In each case, the statement is specific, declarative, and addresses a single idea — setting up a clean, interpretable Likert response.

How onlinesurvey.ai Suggests the Right Question Types

Knowing when to use a Likert scale — versus a numeric rating, a ranking question, or an open text field — requires understanding both your research goal and the measurement level your analysis requires.

When you describe your research goal in plain language on onlinesurvey.ai, the AI identifies the appropriate question types and response formats for each part of your survey. If you want to understand employee satisfaction across five dimensions, it will suggest a Likert battery with appropriately worded statements. If you need to measure purchase frequency, it will propose a numeric input instead.

Once responses are collected, the platform generates a narrative executive summary — key findings, patterns, and concerns — that reflects the actual structure and measurement level of your data. The result is a complete research workflow, from plain-language goal to publishable insight, without requiring you to make every methodological call by hand.

FAQ

What is a Likert scale in a survey?+

A Likert scale is a survey question format that presents a declarative statement and asks respondents to indicate their level of agreement on a symmetric scale — typically five or seven points from "strongly disagree" to "strongly agree." It is used to measure attitudes, opinions, and perceptions that cannot be counted directly. Developed by Rensis Likert in 1932, it remains one of the most widely used formats in research surveys.

What is the difference between a Likert scale and a rating scale?+

A Likert scale specifically measures agreement with a statement and uses a symmetric agree-disagree continuum. A rating scale is a broader term for any question that asks respondents to assign a numeric or labeled value — such as 1–10 for quality, star ratings, or an NPS score. All Likert scales are rating scales, but not all rating scales are Likert scales. The distinction matters because they measure different constructs and suit different question types.

Is a Likert scale ordinal or interval data?+

Strictly speaking, a Likert scale produces ordinal data — the response categories have a meaningful order, but the gaps between them are not guaranteed to be equal. In practice, many researchers treat five- and seven-point Likert scales as interval data to enable richer statistical analysis, including calculating means and running parametric tests. This is a common and accepted pragmatic choice, but it should be noted as an assumption in your methodology.

Should I use a 5-point or 7-point Likert scale?+

Use a five-point scale for general audiences, short surveys, or when simplicity is a priority. Use a seven-point scale when your respondents are comfortable with surveys, when you need finer distinctions between adjacent responses, or when you are tracking subtle sentiment shifts over time. Both formats are valid. Avoid even-numbered scales unless you have a specific, considered reason to remove the neutral midpoint.
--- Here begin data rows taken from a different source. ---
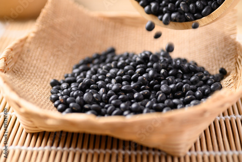 Black soybean seeds pouring in basket, Food ingredients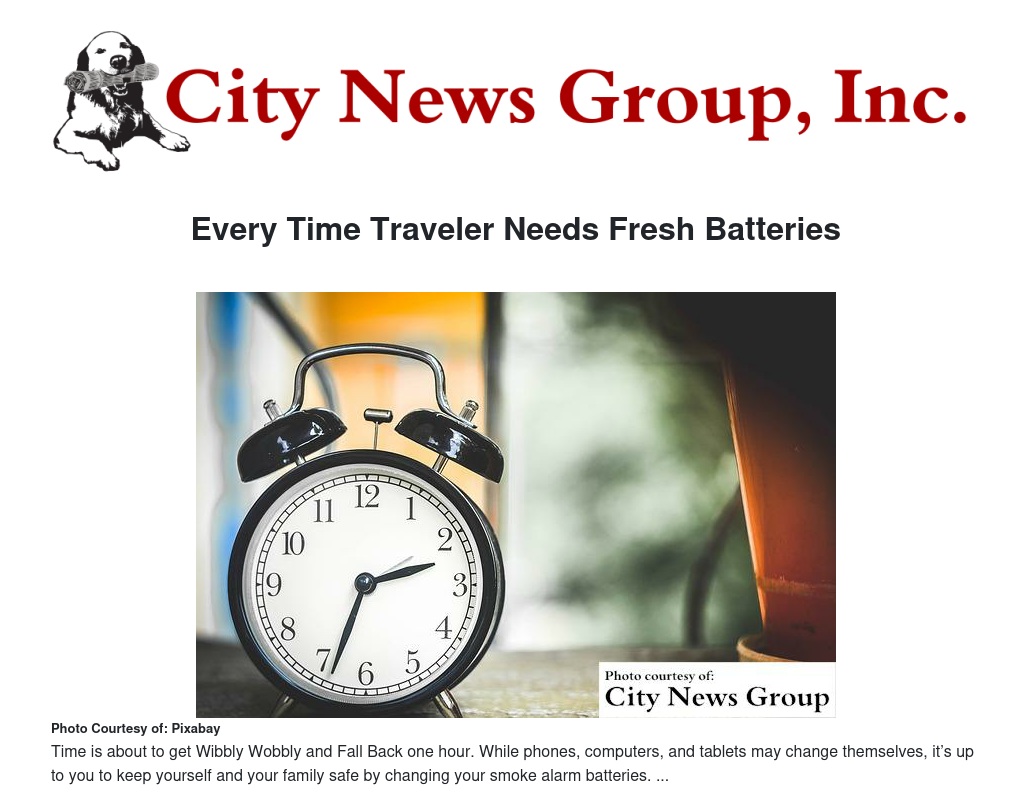 Sunday, November 1 is Daylight Savings Time. Time is about to get Wibbly Wobbly and Fall Back one hour. While phones, computers, and tablets may change themselves, it’s up to you to keep yourself and your family safe by changing your smoke alarm batteries.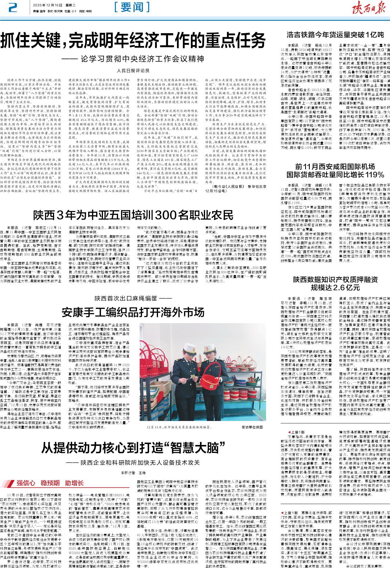 本报讯 (记者 陶玉琼 见习记者 李畅)12月11日,记者从陕西省知识产权局获悉:陕西数据知识产权金融服务日前实现重大突破——陕西建工材料设备物流集团有限公司以其核心数据知识产权“建筑行业招投标—商机智能推荐数据”获得融资1亿元;湖北省太和武当数字文化有限公司亦在陕完成登记与质押备案,其6件核心数据知识产权获贷1.6亿元。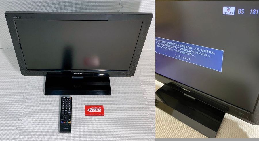 22インチ東芝のTV、リモコン及びB-CASカード付き、電源も入る状態ですよ。届いてみないと判りませんが~~爺は掘り出し物だと期待しております。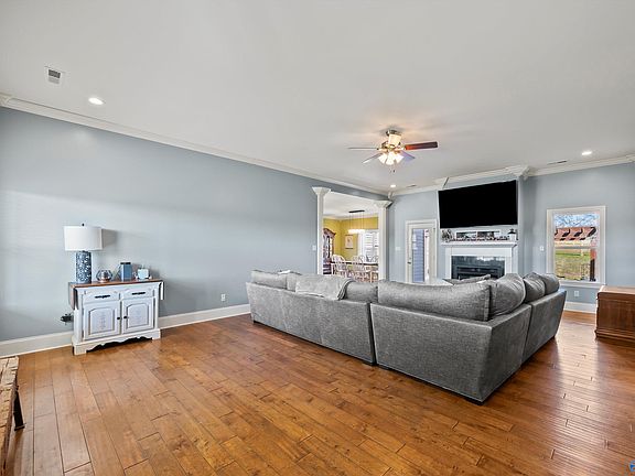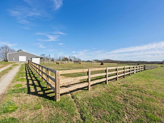 Situated on 4.55 acres, this 5 bedroom, 4 bath home is bright and welcoming! Living areas feature hardwood floors and gas fireplace; in the kitchen, stainless steel appliances, a large farmhouse sink, granite countertops, custom cabinets, large pantry, and attached dining area. Enjoy the private owner's suite with ensuite featuring a soaking tub, shower, double vanities AND double walk-in closet! Guest suite has an addition as a game and entertainment room with Handi cap accessible shower. Would make a great in-law suite! Bonus room will ensure you will have plenty of space! Property features large workshop, barn, fence for livestock. Look at Documents for info. 25 min to Huntsville AL.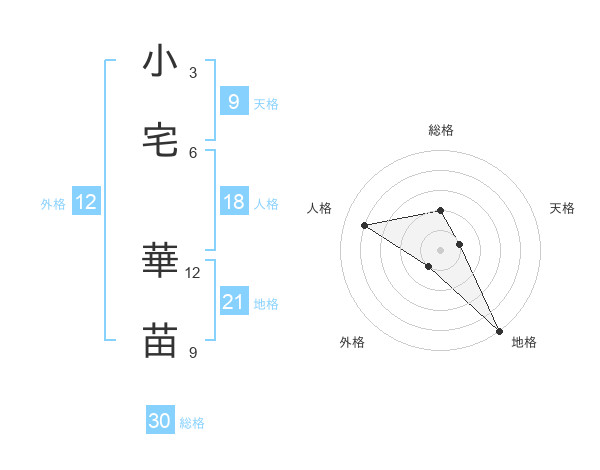 小宅 華苗さんを姓名の画数から五運を鑑定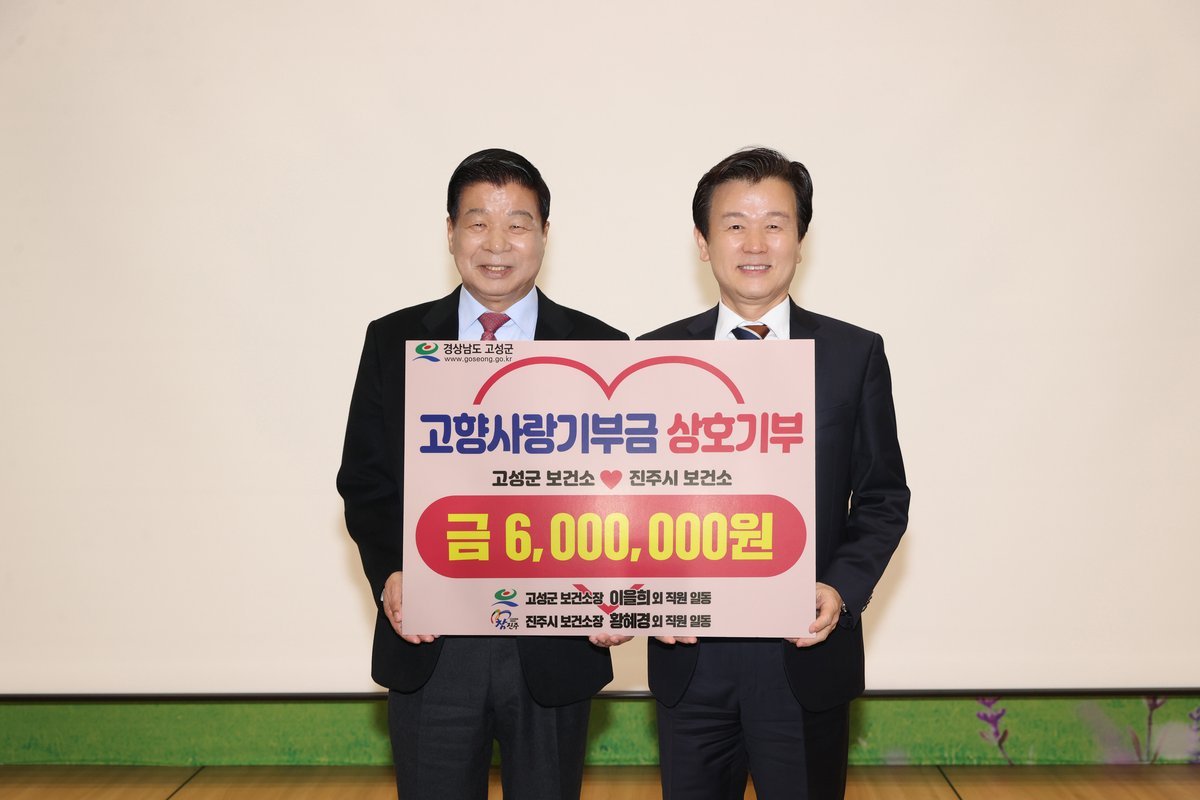 고성군·진주시보건소 직원들, 고향사랑기부금 상호 교차 기부 (경남고성군 제공) [PEDIEN] 고성군보건소와 진주시보건소는 2월 24일 고성군 유스호스텔에서 상생협력을 위한 고향사랑기부금 상호 교차 기부 행사를 진행했다.이번 기부는 고성군 공무원은 진주시에, 진주시 공무원은 고성군에 기부하는 상호 교차 방식으로 진행됐으며 양 기관 공무원 각 60명이 10만원씩 기부에 참여했다.이번 기부로 건전한 기부문화 확산 및 고향사랑기부제 활성화를 응원하고 지방재정을 확충해 침체된 경제에 활력을 불어넣는 긍정적 효과를 불러올 것으로 기대된다.아울러 고성군보건소와 진주시보건소는 이번 교차 기부를 계기로 업무 정보와 우수 사례를 공유해 협력 체계를 강화해 나갈 계획이며 군민들이 더 나은 보건 서비스를 받을 수 있는 상생 발전의 기반을 마련할 것으로 보인다.이을희 보건소장은 “2026년 고향사랑기부금 상호 기부를 통해 보건소 간 유대감을 더욱 공고히 하고 지속가능하고 실효성 있는 협력 방안을 모색하는 계기가 되기를 기대한다”고 말했다.한편 고향사랑기부제는 개인이 주소지를 제외한 다른 지방자치단체에 기부할 경우 세액공제 혜택과 함께 기부금의 30% 범위 내에서 답례품을 제공받는 제도이다.기부금은 지방재정 확충과 주민 복지 증진을 위해 사용되며 기부금액은 개인 연간 2천만원까지 가능하다. -

How do you analyze Likert scale results?+

For ordinal analysis, report frequency counts, percentages, medians, and modes for each response option. For interval-level analysis (the pragmatic approach), calculate means and standard deviations per item, and use parametric tests to compare groups. Visualize results with diverging bar charts or stacked bar charts, which preserve the ordered nature of the scale. Avoid calculating averages across items that measure different constructs without first validating that they belong together.

What are common mistakes when designing a Likert scale?+

The most common mistakes are: using asymmetric response options that bias answers toward one end; writing double-barreled statements that contain two ideas in one; including too many items, which causes respondent fatigue; mixing different scale formats within the same survey; and misreading neutral responses as indifference when they may indicate confusion or non-applicability. Using specific, single-idea statements and a consistent symmetric format avoids most of these problems.